> _THE PROBLEM_
Find the line with "جدول اوقات شرعی" in the entries below, then output every line from it down to the line with "オーク材 オープンシェルフ 木製 北欧 レトロ 飾り棚 収納", exactly and with no pictures.

> _MATERIAL FOR THIS EXERCISE_
↓↓↓

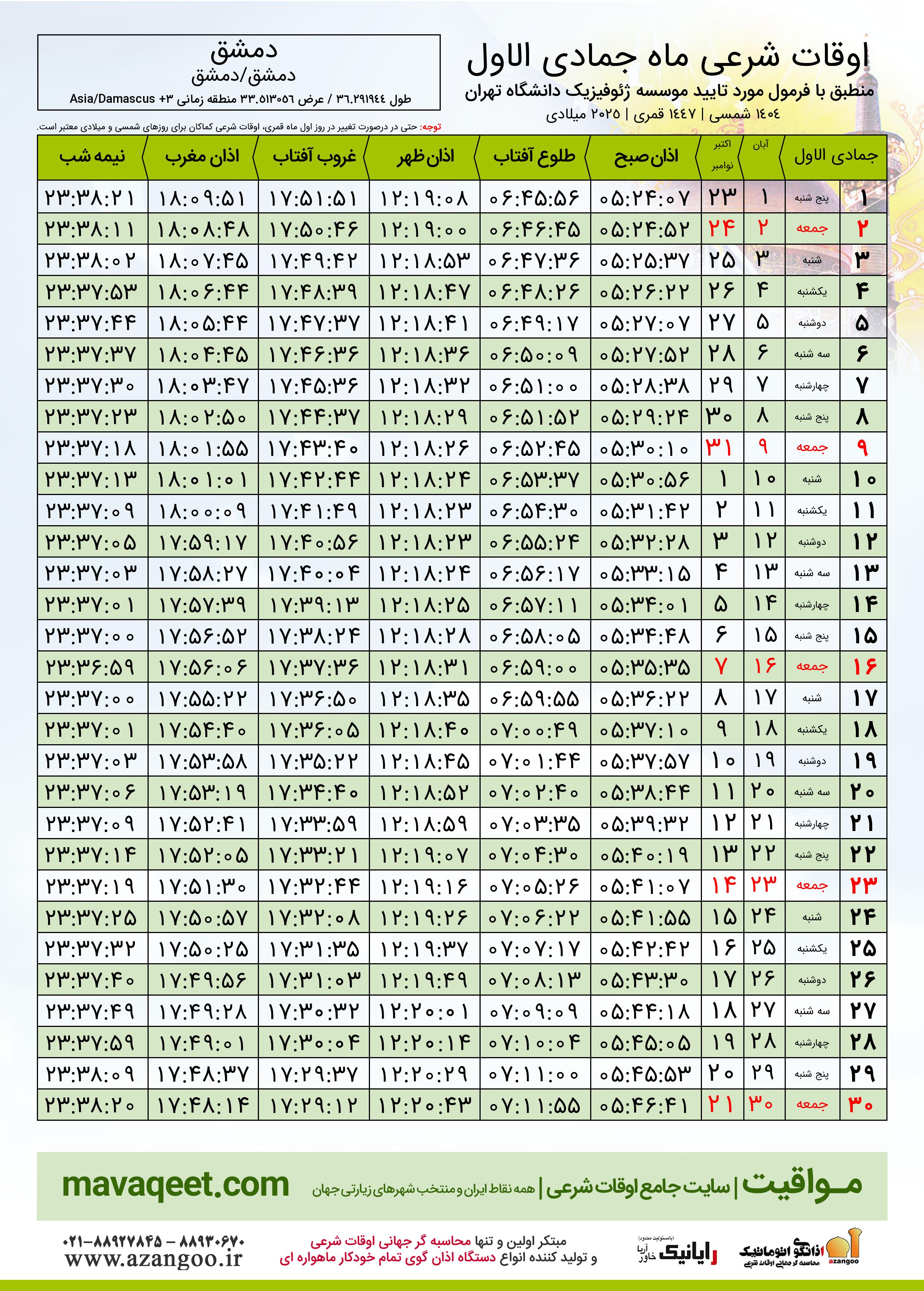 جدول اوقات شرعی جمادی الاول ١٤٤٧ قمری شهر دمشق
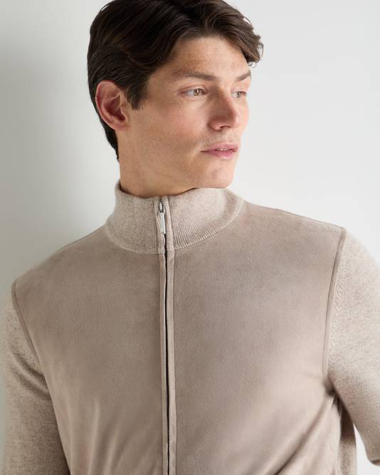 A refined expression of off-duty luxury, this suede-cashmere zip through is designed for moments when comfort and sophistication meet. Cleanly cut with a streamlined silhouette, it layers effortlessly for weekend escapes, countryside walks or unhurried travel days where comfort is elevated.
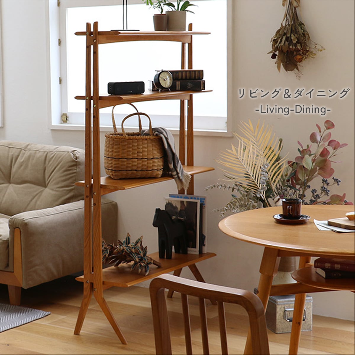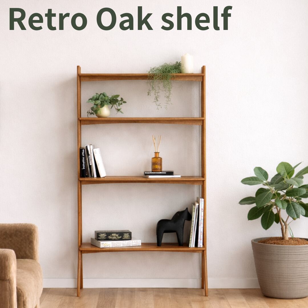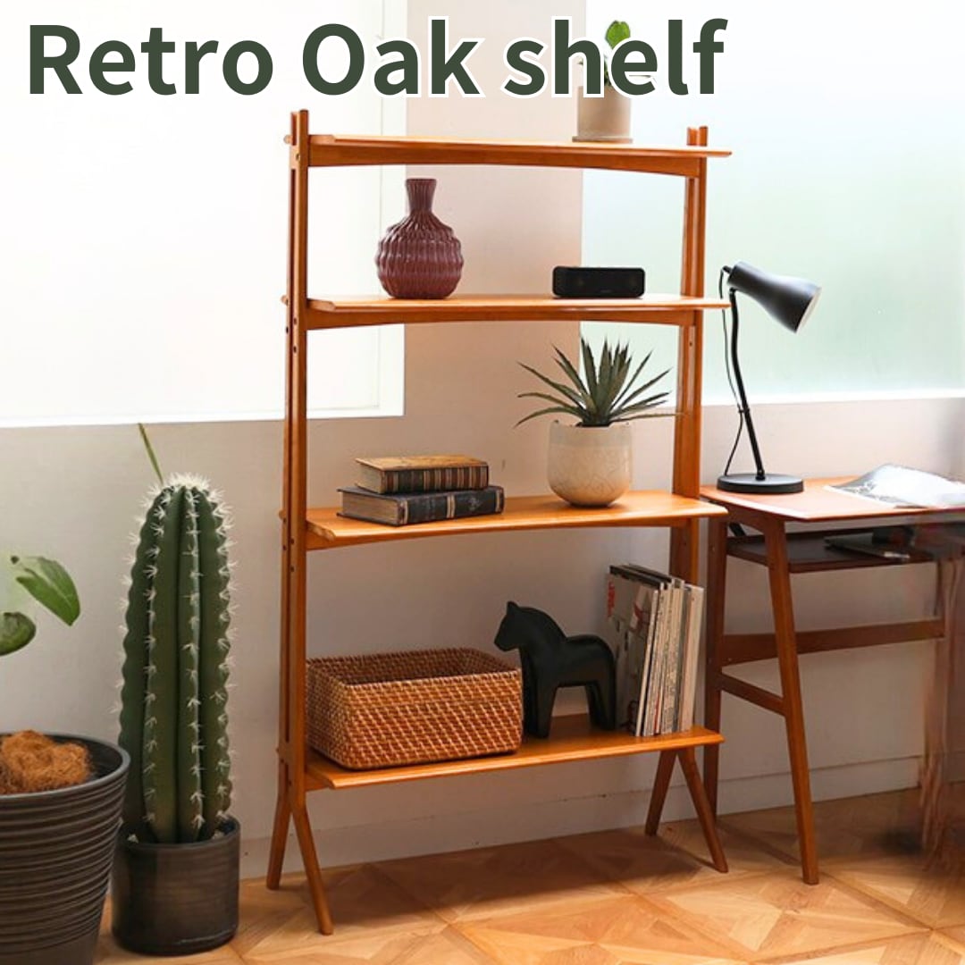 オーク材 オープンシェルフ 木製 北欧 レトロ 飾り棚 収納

↑↑↑
↓↓↓

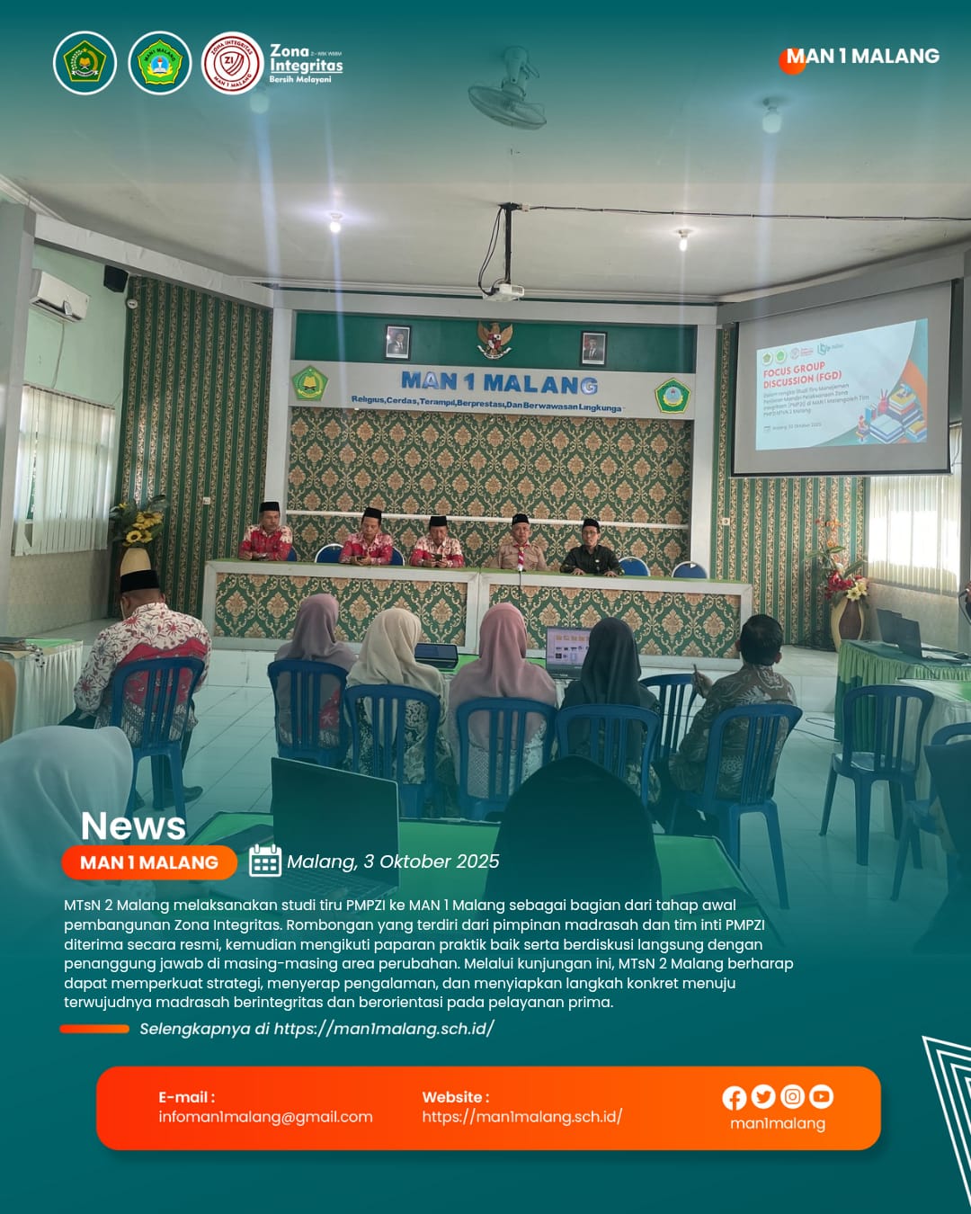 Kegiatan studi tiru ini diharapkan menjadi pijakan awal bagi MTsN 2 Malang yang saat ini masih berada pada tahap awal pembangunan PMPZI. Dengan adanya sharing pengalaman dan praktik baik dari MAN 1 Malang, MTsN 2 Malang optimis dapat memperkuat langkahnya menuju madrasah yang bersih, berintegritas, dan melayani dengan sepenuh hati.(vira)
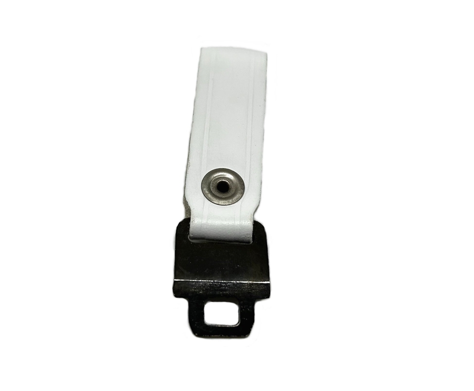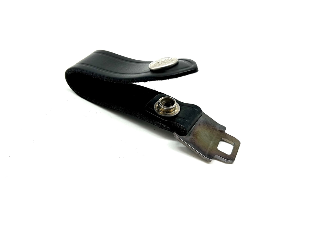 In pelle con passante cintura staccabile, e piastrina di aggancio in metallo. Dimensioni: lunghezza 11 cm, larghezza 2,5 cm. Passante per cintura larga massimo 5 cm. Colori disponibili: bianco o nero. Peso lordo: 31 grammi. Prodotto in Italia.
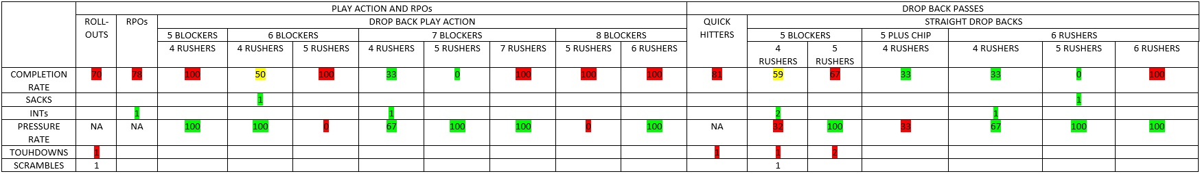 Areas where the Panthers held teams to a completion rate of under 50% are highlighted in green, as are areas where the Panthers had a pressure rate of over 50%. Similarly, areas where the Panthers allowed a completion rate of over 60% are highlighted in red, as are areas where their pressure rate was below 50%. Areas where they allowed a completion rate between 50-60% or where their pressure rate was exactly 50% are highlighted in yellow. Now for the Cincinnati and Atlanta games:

↑↑↑

> _YOUR SOLUTION_
 جدول اوقات شرعی جمادی الاول ١٤٤٧ قمری شهر دمشق
 A refined expression of off-duty luxury, this suede-cashmere zip through is designed for moments when comfort and sophistication meet. Cleanly cut with a streamlined silhouette, it layers effortlessly for weekend escapes, countryside walks or unhurried travel days where comfort is elevated.
 オーク材 オープンシェルフ 木製 北欧 レトロ 飾り棚 収納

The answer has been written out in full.